A rumor started flying in Texas this weekend that we’d see another lock down in the face of rising Covid-19 spread when a former judge and Jefferson County district attorney as well as assistant US Attorny for the Eastern District of Texas posted to Facebook that the governor had texted him it was time to stock up on essentials again.

I don’t think this is going to happen. Here in Texas we’ve mandated masks, closed bars, and brought restaurants back down to 50% capacity. If that doesn’t control growth in the virus – and I don’t see the state taking active measures to reduce spread, just to keep hospitals from getting overwhelmed – then additional incremental measures might be taken, although in fairness the governor has used another lock down as a threat in hopes of getting mask compliance.

Still the situation here, and in other states including Florida and Arizona, isn’t great for travel or airlines (or people!).

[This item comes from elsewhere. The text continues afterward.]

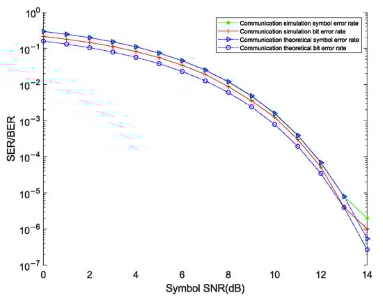 Figure 19. Comparison of symbol error rate and bit error rate between communication theory and simulation.
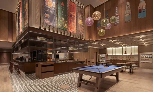 若您想在天津国家会展中心附近寻得一处放松休憩之地,国家会展中心天津福朋喜来登酒店便是您的理想选择。酒店地处天津大道与国瑞路地铁站旁,距离机场和火车站都不到30分钟车程,交通十分便利。复古现代的室内设计,灵感来自水手们的港口生活,简约雅致的客房可让宾客尽享舒适与惬意。“玩啤食社”作为品牌的新概念餐饮,是集多种功能与一体的灵活多元化空间,除了享用地道美食,亦可来杯现磨咖啡、点杯当地精酿啤酒、与挚友聊天或是游戏聚会。有会议或活动需求的宾客拥有6个灵活场地可以选择,方便活动策划师为您量身定制活动方案。酒店与国家会展中心天津万豪酒店毗邻而居,使得宾客能够充分利用额外的设施设备,比如餐厅,健身中心,游泳池和会议空间。

American Airlines has a hub in all three of these states by the way, and Los Angeles which has also recently surged in confirmed cases.

I’ll admit I searched online for products that became tougher to get last time, and was thrilled to find Amazon had Fantastik Disinfectant spray which its manufacturer lists as one of its cleaning products suited for Covid-19.

They’ve also got travel-sized Germ-X hand sanitizer and larger Germ-X bottles as well.

I’ve already got a contactless thermometer and a pulse oximeter (to tell me my blood oxygen saturation – a key indicator I think whether my family will need hospital care) and based on some still speculative research I’m taking vitamin D as well as K2. And need I mention that good toilet paper is available again?

I’m an optimist. I believe we’ll be more or less back to normal less than a year from now. I believe that some of the vaccine candidates show real promise and will actually be available this winter. And that before then we’ll see more promising therapeutics on top of what we already have that seem to be helping with better patient outcomes.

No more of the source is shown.